▶ **ASSIGNED TASK**
From the line containing "Cycling Bear Birth" to the line containing "Das Gehölz stammt" in the entries below, reproduce every line exactly, ends included. Nothing else belongs in the copy, and no pictures.

▶ **INPUT MATERIAL**
------------------------------------------------------------

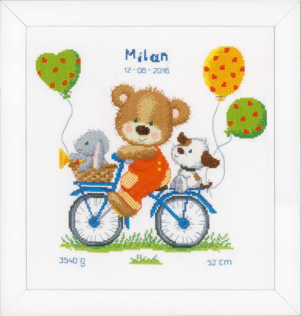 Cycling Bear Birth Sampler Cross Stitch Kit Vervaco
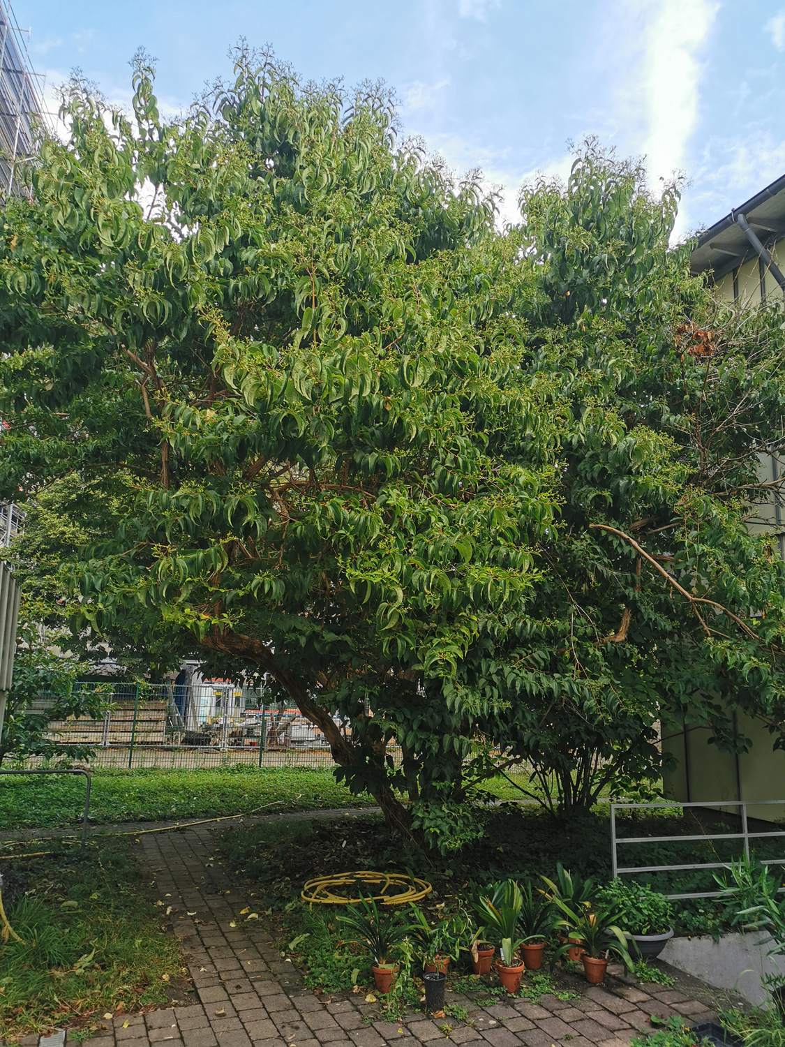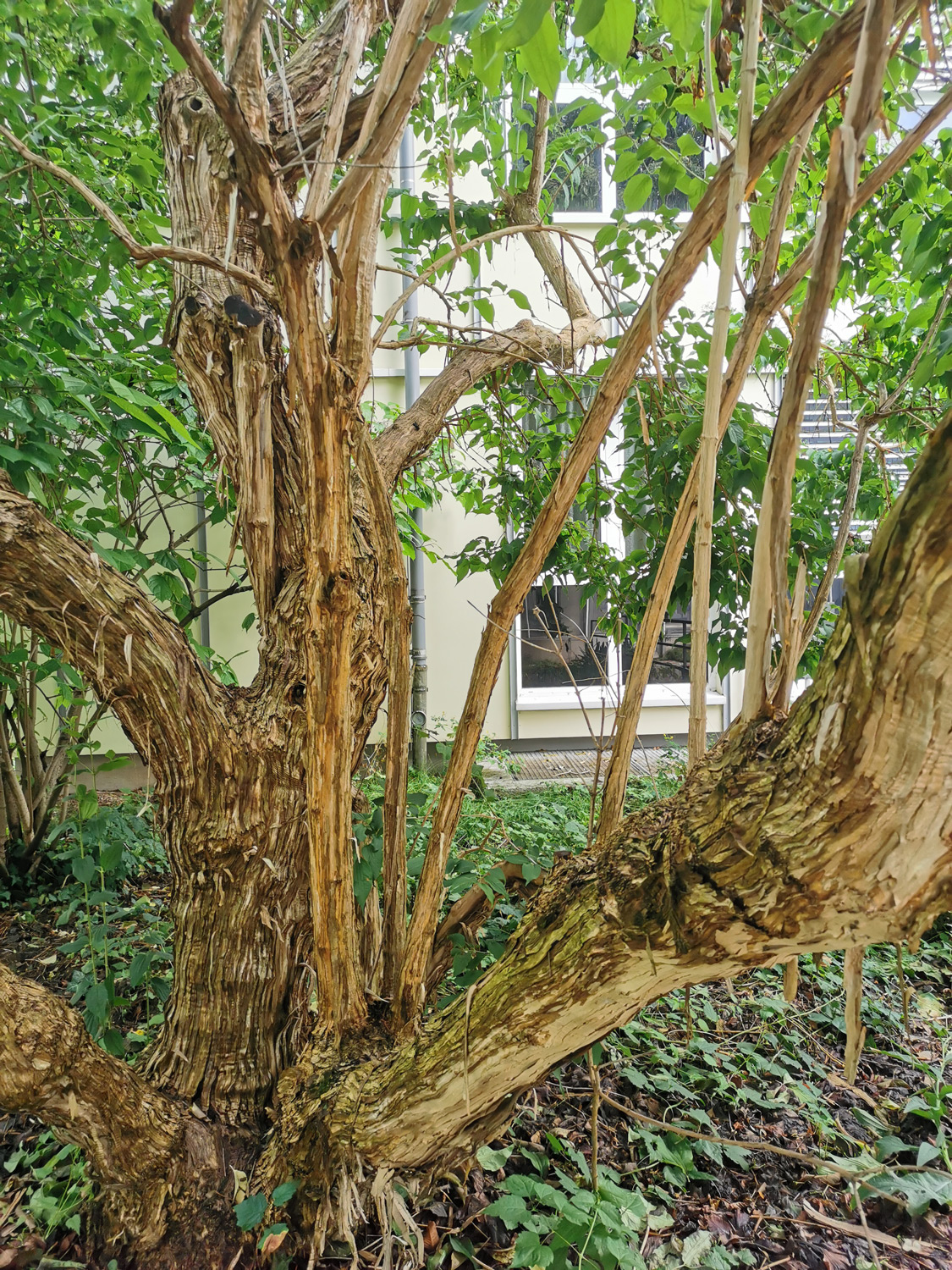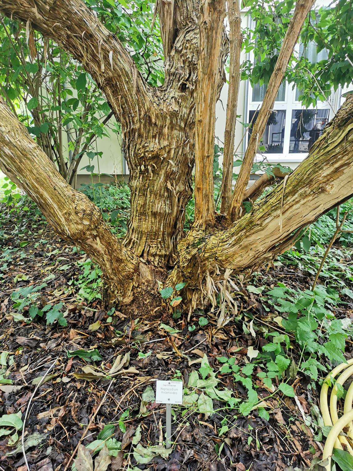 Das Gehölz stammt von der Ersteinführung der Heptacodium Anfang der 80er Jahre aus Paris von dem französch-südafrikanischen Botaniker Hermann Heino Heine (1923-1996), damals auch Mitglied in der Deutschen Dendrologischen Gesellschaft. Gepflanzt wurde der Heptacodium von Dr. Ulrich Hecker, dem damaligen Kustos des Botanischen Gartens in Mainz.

------------------------------------------------------------

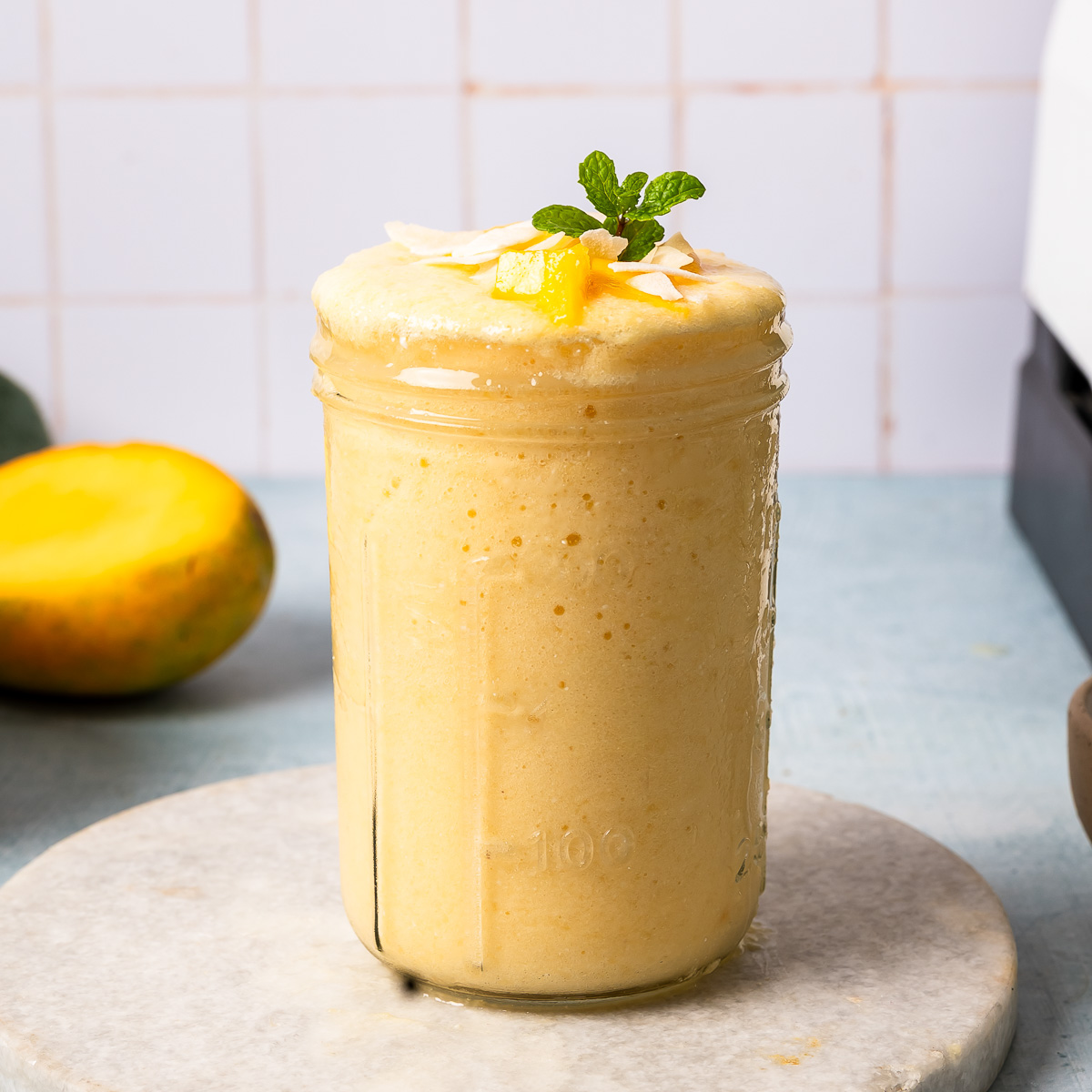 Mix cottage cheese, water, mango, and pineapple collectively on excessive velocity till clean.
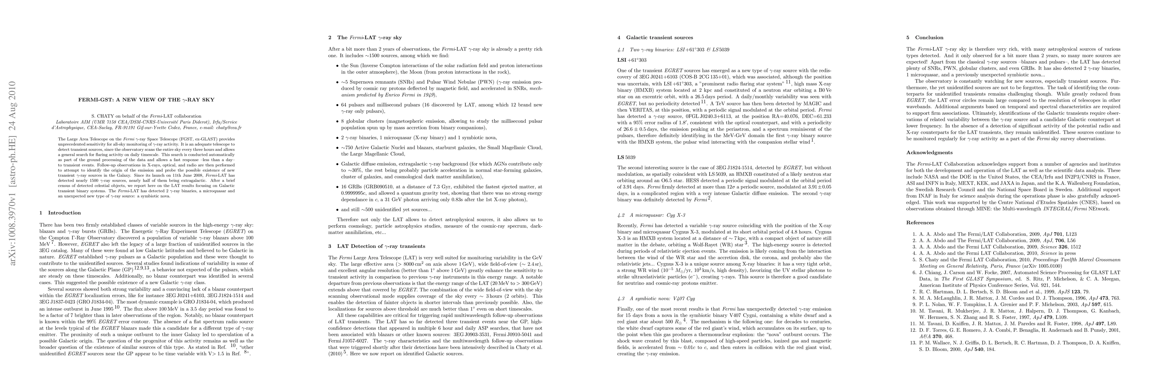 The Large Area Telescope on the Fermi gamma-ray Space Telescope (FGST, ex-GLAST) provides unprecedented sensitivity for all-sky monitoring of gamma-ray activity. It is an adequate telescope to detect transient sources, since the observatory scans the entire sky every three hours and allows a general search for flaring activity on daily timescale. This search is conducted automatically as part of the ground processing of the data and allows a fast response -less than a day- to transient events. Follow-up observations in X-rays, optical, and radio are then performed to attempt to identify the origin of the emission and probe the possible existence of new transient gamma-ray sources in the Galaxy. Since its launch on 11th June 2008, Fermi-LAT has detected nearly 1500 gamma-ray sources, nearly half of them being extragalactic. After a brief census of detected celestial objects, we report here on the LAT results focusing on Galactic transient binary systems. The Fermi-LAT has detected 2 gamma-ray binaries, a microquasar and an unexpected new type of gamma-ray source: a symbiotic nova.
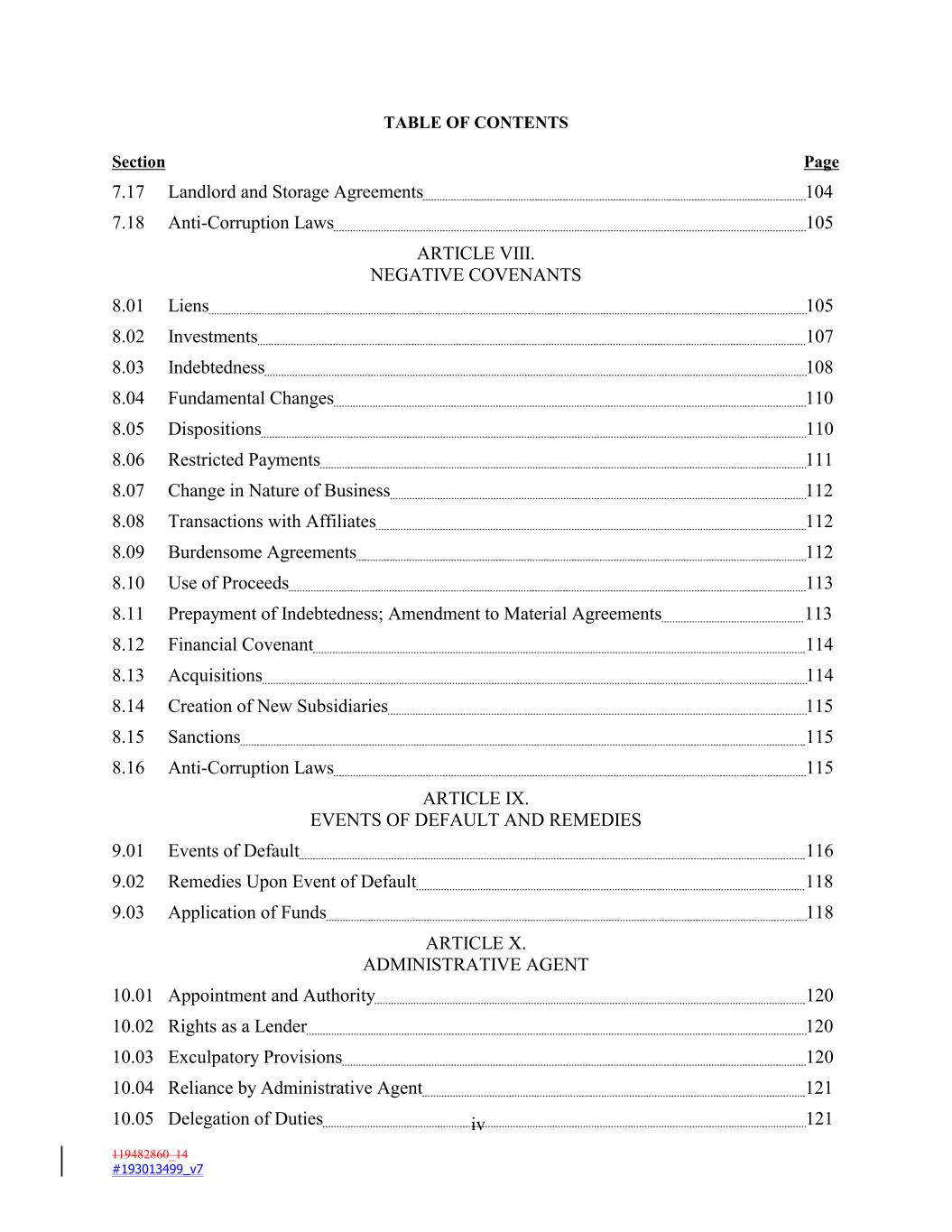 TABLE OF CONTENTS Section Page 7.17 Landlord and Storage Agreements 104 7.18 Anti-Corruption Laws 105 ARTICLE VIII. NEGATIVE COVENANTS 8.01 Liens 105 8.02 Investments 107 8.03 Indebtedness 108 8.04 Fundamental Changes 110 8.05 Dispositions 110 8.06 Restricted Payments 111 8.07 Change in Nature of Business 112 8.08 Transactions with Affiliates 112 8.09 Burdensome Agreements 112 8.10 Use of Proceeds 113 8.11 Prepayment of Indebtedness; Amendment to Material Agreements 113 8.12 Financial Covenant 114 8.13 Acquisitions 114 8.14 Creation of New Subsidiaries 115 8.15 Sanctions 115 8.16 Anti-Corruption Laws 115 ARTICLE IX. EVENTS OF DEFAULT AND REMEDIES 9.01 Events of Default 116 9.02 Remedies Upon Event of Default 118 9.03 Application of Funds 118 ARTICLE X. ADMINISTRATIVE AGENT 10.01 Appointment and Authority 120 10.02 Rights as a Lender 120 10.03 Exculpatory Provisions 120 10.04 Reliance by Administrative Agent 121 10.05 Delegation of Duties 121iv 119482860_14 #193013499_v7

------------------------------------------------------------

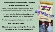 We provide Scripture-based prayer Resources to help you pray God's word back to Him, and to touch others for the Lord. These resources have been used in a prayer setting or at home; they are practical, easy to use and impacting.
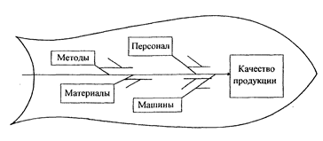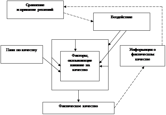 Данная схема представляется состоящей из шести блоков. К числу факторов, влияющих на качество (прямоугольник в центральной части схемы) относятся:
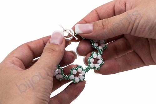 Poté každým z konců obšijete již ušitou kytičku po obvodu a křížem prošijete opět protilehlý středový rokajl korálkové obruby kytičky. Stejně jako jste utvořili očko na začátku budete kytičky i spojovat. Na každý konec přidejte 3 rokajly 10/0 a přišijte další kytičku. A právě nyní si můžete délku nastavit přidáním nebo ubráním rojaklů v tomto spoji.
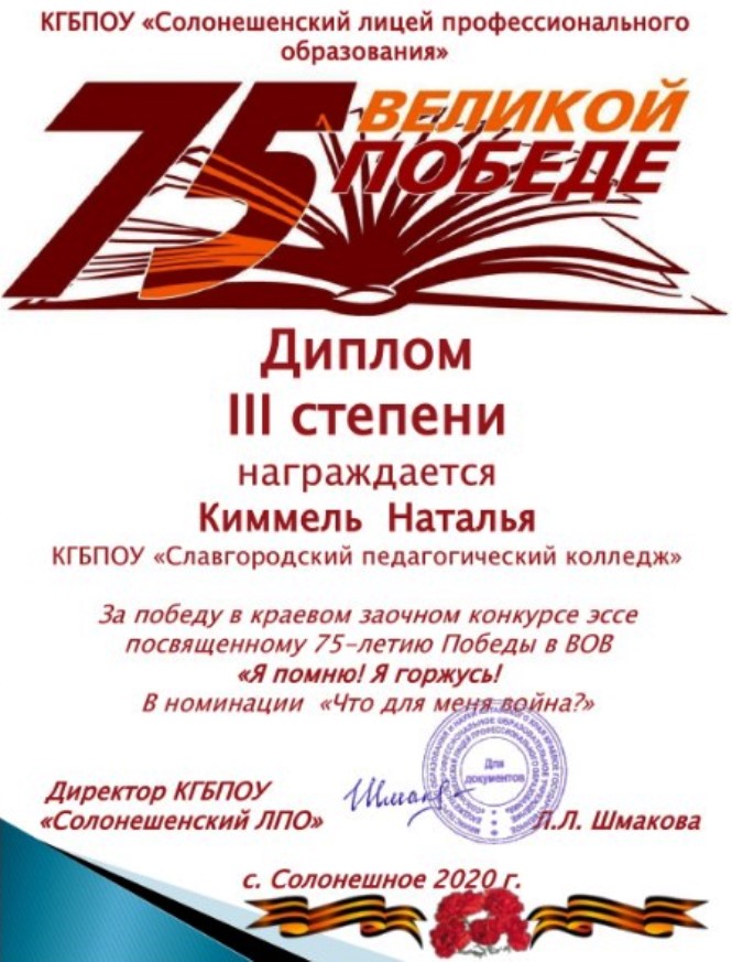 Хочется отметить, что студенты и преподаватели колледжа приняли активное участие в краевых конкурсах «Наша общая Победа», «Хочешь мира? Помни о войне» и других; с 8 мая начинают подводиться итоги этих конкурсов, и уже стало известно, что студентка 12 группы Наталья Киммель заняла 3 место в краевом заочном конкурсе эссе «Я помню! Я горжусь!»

------------------------------------------------------------

▶ **SOLUTION FOR THIS TASK**
 Cycling Bear Birth Sampler Cross Stitch Kit Vervaco
 Das Gehölz stammt von der Ersteinführung der Heptacodium Anfang der 80er Jahre aus Paris von dem französch-südafrikanischen Botaniker Hermann Heino Heine (1923-1996), damals auch Mitglied in der Deutschen Dendrologischen Gesellschaft. Gepflanzt wurde der Heptacodium von Dr. Ulrich Hecker, dem damaligen Kustos des Botanischen Gartens in Mainz.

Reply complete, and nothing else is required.